Lessons from the archives
I’m a bit of a pack rat when it comes to some things; I have convinced myself not to preserve, for example, printed results from most meets, but I do try to save my recordings from the mixed zone. My recorder does not come with Macintosh-compatible software, so I patiently play the recordings through 1/8″ audio cable into the microphone jack, re-recording them in Audacity and saving the files as MP3.
Some events produce dozens of short files, and the task is made more tedious by my distaste for listening to my own recorded voice. (“Who is that idiot asking the questions?”) Once I let go of the actual voices, however, I can listen to the rhythm of the meet and learn from the things which aren’t said.
For example, I’m clearing the 2008 Reebok Grand Prix now. I heard myself talking to Reese Hoffa while the crowd roared in the background; I could tell I was trying to show Hoffa that I was really interested in what he had to say, not what was happening on the track.
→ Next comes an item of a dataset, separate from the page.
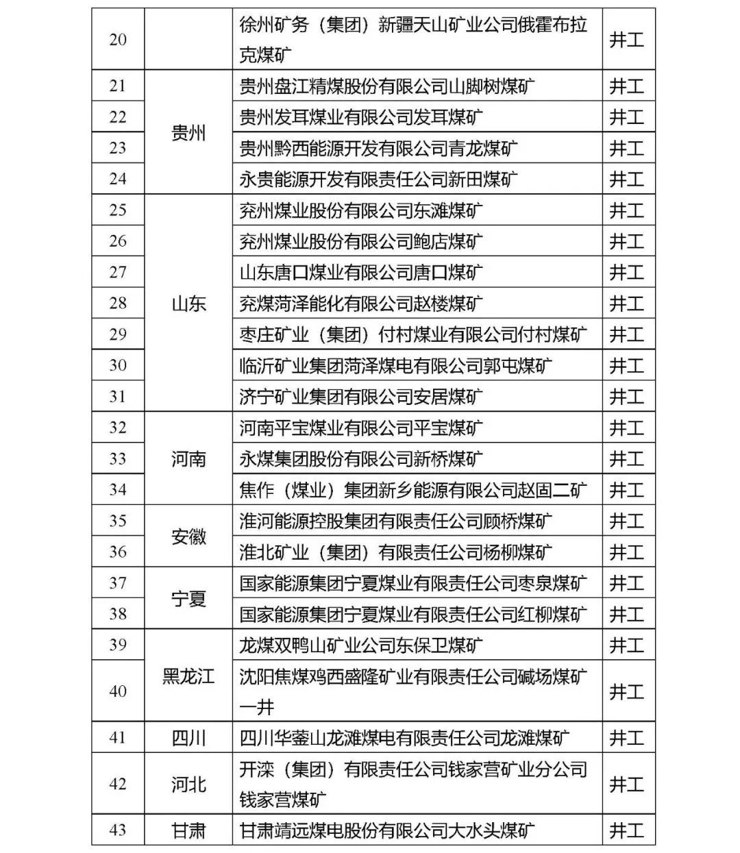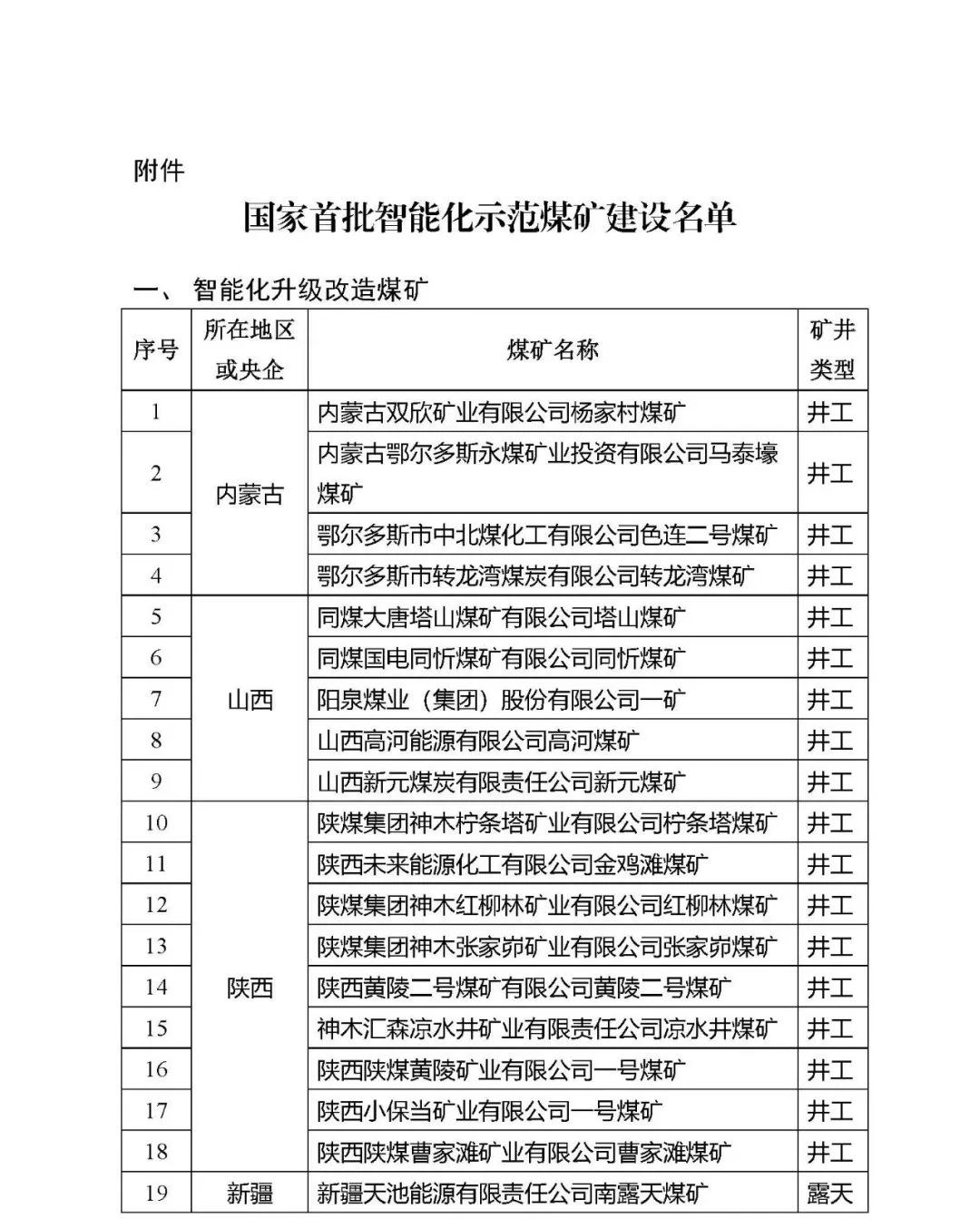 附件:国家首批智能化示范煤矿建设名单

It’s also interesting to hear the tone of the interviews changing as the meet progresses. Early in a meet, the interviews are long and rambling, because nobody knows yet what the story of the meet will be, and the reporters want to cover all the bases just in case they wind up having to lead with the athlete standing in front of them. Later in the meet, we find one or two long press-conference type recordings which are The Story (can you say Usain Bolt?) and everything around them is brief and perfunctory. This becomes unfortunate when, for example, I dig back in the archives to find out what Linet Masai said after she beat Tirunesh Dibaba in 2009.
I hope this stuff turns out to be useful for someone someday, but right now its lessons for me are mostly secondary.